In one embodiment, the step S312 includes:

and 5-fold cross validation is adopted for evaluation, 4-fold data are selected as training sets respectively, 1-fold data are selected as test sets, data are randomized each time and repeated for 10 times, and the defective tendency data set TS and the non-defective tendency data set FS are vertically divided for the first time.

In one embodiment, the step S32 includes:

s321, calculating the correlation between the selected feature set and the class in the discretized training set by utilizing the Pearson correlation, wherein the feature is a measurement element; the calculation formula is as follows:

wherein n represents the number of features; k represents a feature (0,1,2, …. n); class represents class, defect prone class or defect free prone class; rank (k) represents the relevance of the kth feature;

s322, calculating the weight of the selected feature according to the correlation of the selected feature, wherein the calculation formula is as follows:

wherein n represents the number of features, k represents the feature (0,1,2, …. n), and weight (k) represents the weight of the feature k;

s323, calculating the weight of the item set according to the characteristic weight, wherein the calculation formula of the weight of the item set is as follows:

weight(itemset)＝weight(X₁)*weight(X₂)···weight(X_k)
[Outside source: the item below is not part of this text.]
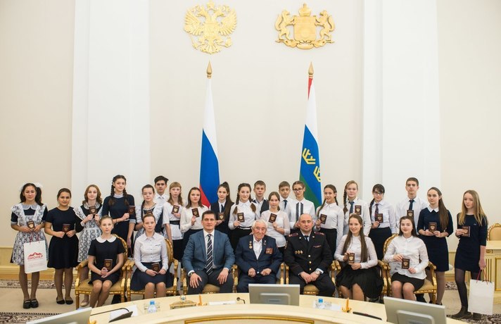 Затем лучшие школьники региона собрались в Большом зале заседаний Правительства Тюменской области . На счету каждого из них различные олимпиады, конкурсы и фестивали.Творческие, талантливые, креативные – 26 мальчиков и девочек в День Российской Конституции получили свой главный документ – паспорт гражданина Российской Федерации.

＝weight(item₁)*weight(item₂)···weight(item_k) (3)；

s324, item set support is obtained by calculating the probability of simultaneous occurrence of the feature item sets in the training set, item set weight is calculated by a formula (3), and weighting support is calculated by using the item set support and the item set weight, wherein the calculation formula is as follows:

wsupp(r)＝weight(itemset)*support(itemset) (4)；

and S325, respectively mining the weighted candidate item meeting the minimum support degree of the defect tendency class and the weighted candidate item meeting the minimum support degree of the defect-free tendency class. And the weighted candidate item sets not less than the minimum support degree are called frequent item sets, and the frequent item sets respectively form a class association rule that the former part is a characteristic set and the latter part is a class label (defect tendency class or defect-free tendency class). Since confidence in this document indicates the probability of a defective or non-defective class occurring in the event of a precondition occurrence. In each class of training set, the feature item set is changed, but the class label is constant, that is, the confidence is equal to 1, the confidence cannot evaluate the accuracy of each rule in this document, and the influence of the confidence on the class association rule can be ignored.

In one embodiment, the step S33 includes:

the defective tendency association rule set and the non-defective tendency association rule set are sorted in an order of priority based on the weighted support, the length of the predecessor, and the generation.

In one embodiment, the conflict rule pruning in step S34 is: when the front pieces of the two rules have the same characteristics and the back pieces belong to different categories, both the two rules are removed;

the redundancy rule pruning in the step S34 is: when the front parts of a plurality of rules have inclusion relations, the back parts belong to the same class, and a redundant rule with small weighting support degree is pruned by adopting a weighting support degree-based mode.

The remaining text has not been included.